Dans un système de stockage géologique, les couvertures sont en conditions réductrices de l’ordre de -200 à -150 mV. (Gaucher et al., 2006). Dans la majeure partie des travaux expérimentaux réalisés à l’air ambiant (Eh = +400 mV) sur les réservoirs et les couvertures, la réactivité du système est malheureusement soumise aux conditions oxydantes de l’étude expérimentale. Des phénomènes d’oxydation sont susceptibles d’être observés après réaction (Montes-Hernandez et al., 2003).

Suite aux études de sensibilité réalisées sur le système Solution/Roche/CO2 en fonction des conditions redox du milieu, un protocole a été réalisé pour s’affranchir au maximum de l’activité du dioxygène atmosphérique sur le système avant l’injection de CO2. Les circulations consécutives d’argon et de CO2-H2 au sein du réacteur permettent d’atteindre des potentiels redox proches de 0 mV. Dans les travaux de De Lima et al. (2009), l’augmentation de la durée de ces circulations permet même de se placer en conditions réductrices (~ -100 mV).

Les expériences sont menées sur un mois et trois mois qui sont les durées nécessaires pour l’observation de changements significatifs sur les minéraux argileux et carbonatés.

A la fin de chaque expérience, les réacteurs sont mis à refroidir à température ambiante pendant 24 h et le CO2 gazeux est ensuite purgé pendant 6 h. Le solide est séparé de la solution par centrifugation à 7000 rpm pendant 10 min. La solution est acidifiée (avec HNO3 suprapur) et placée au froid (4°C) avant analyse.

L’acidité et la salinité de la solution à 80°C pouvant corroder l’enceinte du réacteur, les concentrations en Fe, Ni, Cr sont contrôlées.

La méthode de caractérisation du solide et de la solution avant et après réaction est explicitée dans l’Annexe « Méthode de caractérisation utilisée ».

1.3. RESULTATS

Deux expériences similaires ont été menées avec la roche de Chinle, la solution saline NaCl 0,1M et le CO2(SC) à 80°C et 150 bars, l’une à un mois, l’autre à 3 mois. En parallèle, une expérience avec CO2(SC) anhydre et une expérience avec argon ont été réalisées.

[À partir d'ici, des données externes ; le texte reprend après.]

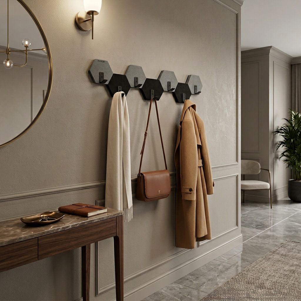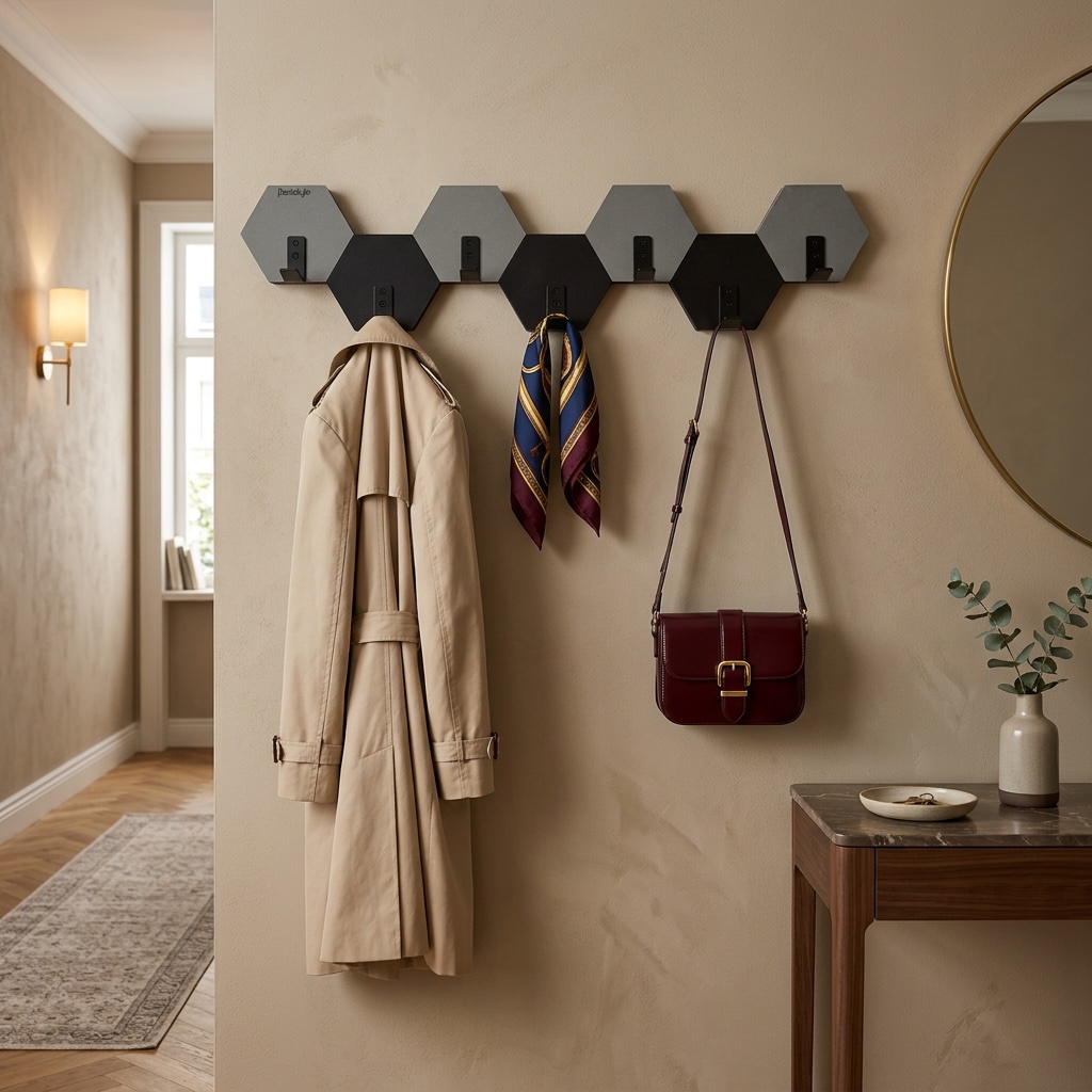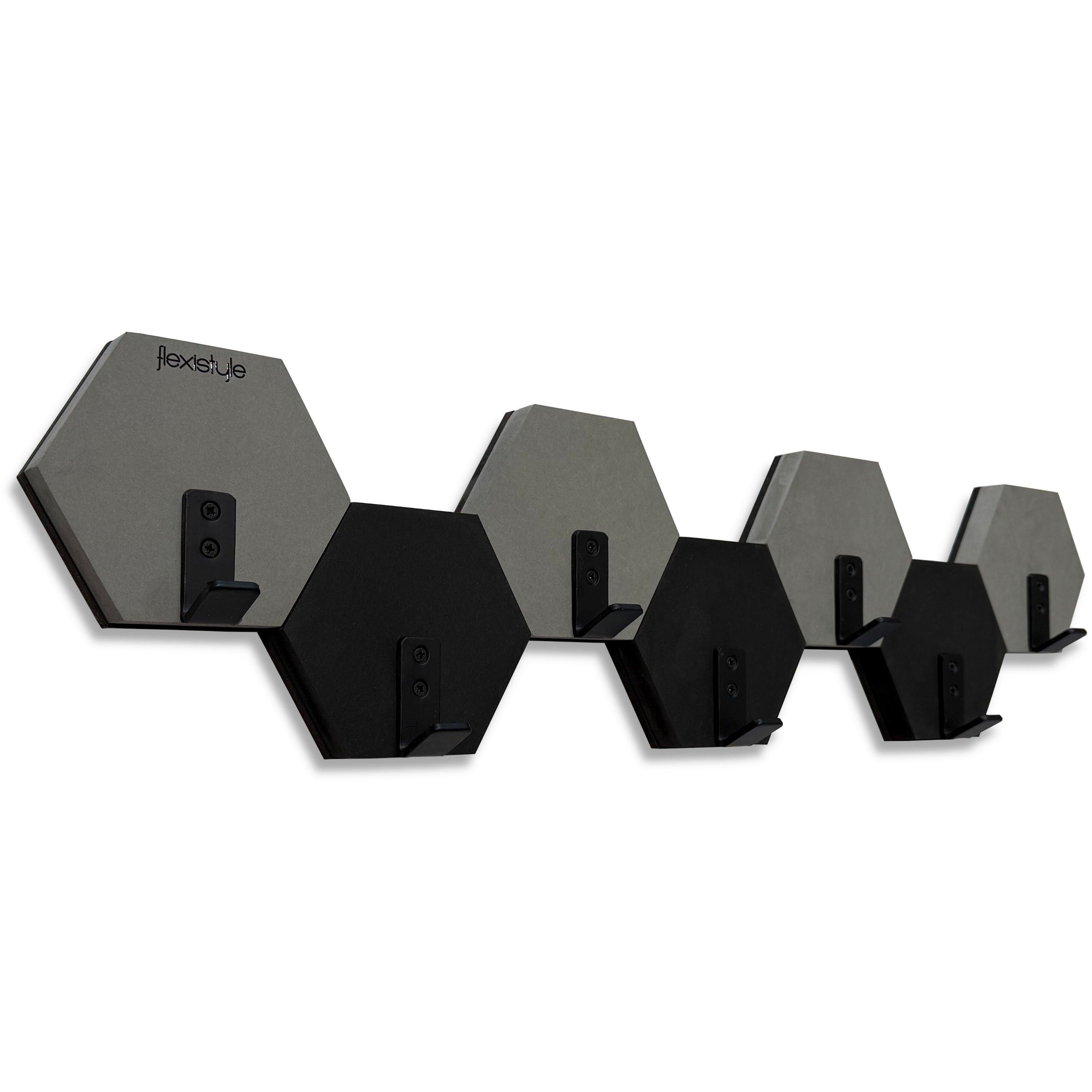 Nowoczesny wieszak ścienny w formie heksagonów, który łączy funkcjonalność z efektownym designem. Geometryczny układ inspirowany plastrem miodu oraz naprzemienne zestawienie kolorów czarnego i szarego nadają wnętrzu nowoczesny, dynamiczny charakter.

Une première caractérisation a été réalisée par DRX (Figure 13) pour discerner les grandes évolutions des minéraux carbonatés d’une part (cinétiques réactionnelles plus importantes), puis les minéraux argileux et silicatés d’autre part (cinétiques réactionnelles plus faibles). Les observations et analyses MEB permettent de confirmer les résultats obtenus par DRX et de caractériser l’évolution cristalline des minéraux (voir Annexes, méthodes de caractérisation).

1.3.1.

Evolution des minéraux carbonatés :

Après DRX sur préparation désorientée, l’évolution la plus marquante est la dissolution totale de la calcite pure initiale (à 3,02 Å) après réaction de 30 et 90 jours (Figure 13 ; spectres bleu et rouge respectivement), alors que la calcite substituée par Mg (2,99 Å) ne semble pas altérée. Une calcite-Mg secondaire aurait pu également reprécipiter.